As with many mental illnesses, the progression of Aurore’s anorexia is not linear: it fluctuates between more or less acute phases. “Today, I know that I have regressed a lot on certain points compared to other periods of my life,” she notes with pain and lucidity.
Anorexia: “My hospitalization was real carnage”
However, Aurore tried everything to get out of anorexia. Support from psychiatrists and nutritionists, taking antidepressants and mood stabilizers or even hospitalization.

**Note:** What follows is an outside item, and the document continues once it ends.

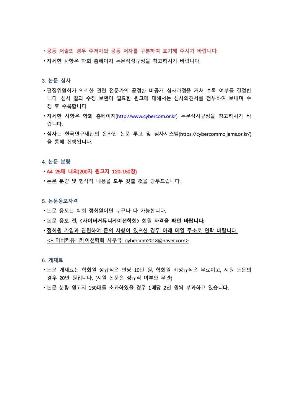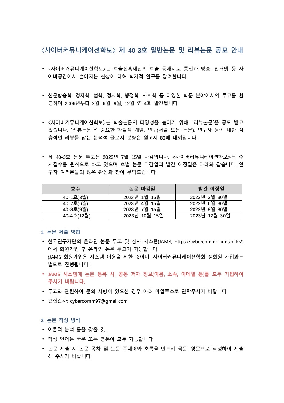 2. 한국언론정보학회는 사이버커뮤니케이션학회의 '사이버커뮤니케이션학보 40-3호 논문 공모'를 안내하오니, 회원 여러분의 많은 관심과 참여를 부탁드립니다.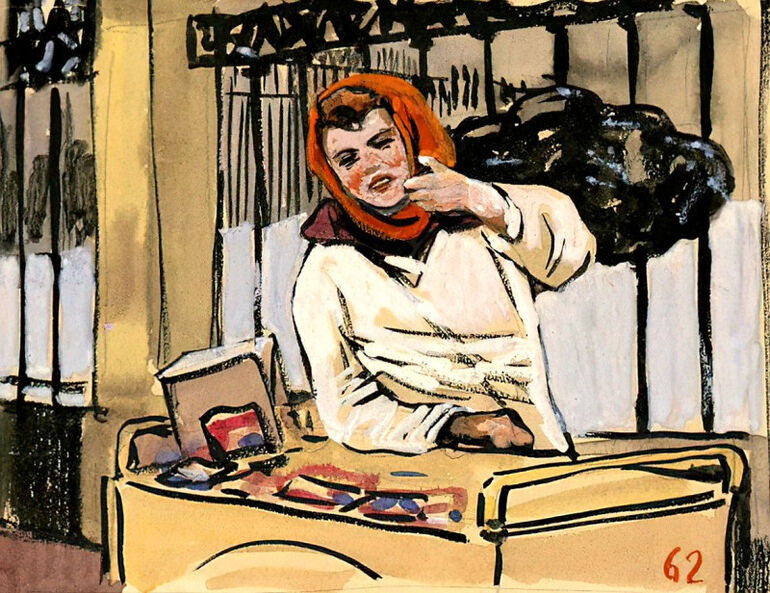 Дмитрий Иванович Пяткин (1921–1999): «Продавщица мороженого»; бумага, гуашь, тушь, белила

“In 2001, I found myself in an addiction department in Nantes where the hospital staff were not at all benevolent. I remember a nurse who came to speak to me in a corridor, who made me cry and who left saying to me “Okay, that’s it!” They forced me to eat, they locked me in my room and forced me to stay facing the wall so that I could think about what I had done.” I was not allowed to do physical activity, I saw it as a prison. It was very violent, it was real carnage. Even today, I am regularly offers stays in psychiatry, but for me, it is absolutely impossible to relive this type of experience!”, she exclaims.
Anorexia: “I unconsciously try to get my parents’ attention by hurting myself”
With a busy social and professional life, Aurore has learned to live with her pathology. But does she know why it is so difficult for her to break this infernal cycle? “Doctors say that even today, I unconsciously try to attract the attention of my parents by doing harm to myself. Because when I was little, they were very taken by my brother who was a real daredevil and often found himself in the hospital”, she said after some hesitation.
Perhaps also because the trauma of his first and only romantic relationship – which will also mark the beginning of his illness – is not yet resolved. Or that heredity and genetics weigh too heavily in the balance. “My father was anorexic when he was young, but he got through it on his own and is very angry with me for not being able to do the same,” Our patient reveals our patient to me during the conversation.
Anorexia: “I wrote this book so that people better understand my illness”
Why did she decide to write down her story? “I needed the bad to come out. I had to spit out what I needed to spit out, because there are a lot of things that I put in my book that I had never told anyone, even not to my therapist. This is for example the case when I recount the period when I spent all my Saturday afternoons looking for pastries to eat in the evening following a whole week of deprivation. I have so much ashamed of having been able to do that. But it was addictive, I needed it”, explains Aurore.
“I also wrote this book so that people can better understand my illness, my functioning and my reactions, like when I get angry, for example. This also allows me to avoid answering the many questions that keep coming up. about my condition. Now I can refer people to my book and say, ‘Here’s my how-to’.” she continues.
She dedicates her book to her parents and her brother, with whom relations are complicated and trigger sobs. “I would like to apologize to my parents and my brother for all the grief and pain I have caused them for so many years. Mom, Dad, forgive me for being the way I am or am not” , she writes at the end of her work.
Yet another proof, if proof were needed, that the vast majority of people with psychiatric disorders still feel very guilty about their pathology. However, just like physical illnesses, it is sometimes extremely difficult, if not impossible, to control them.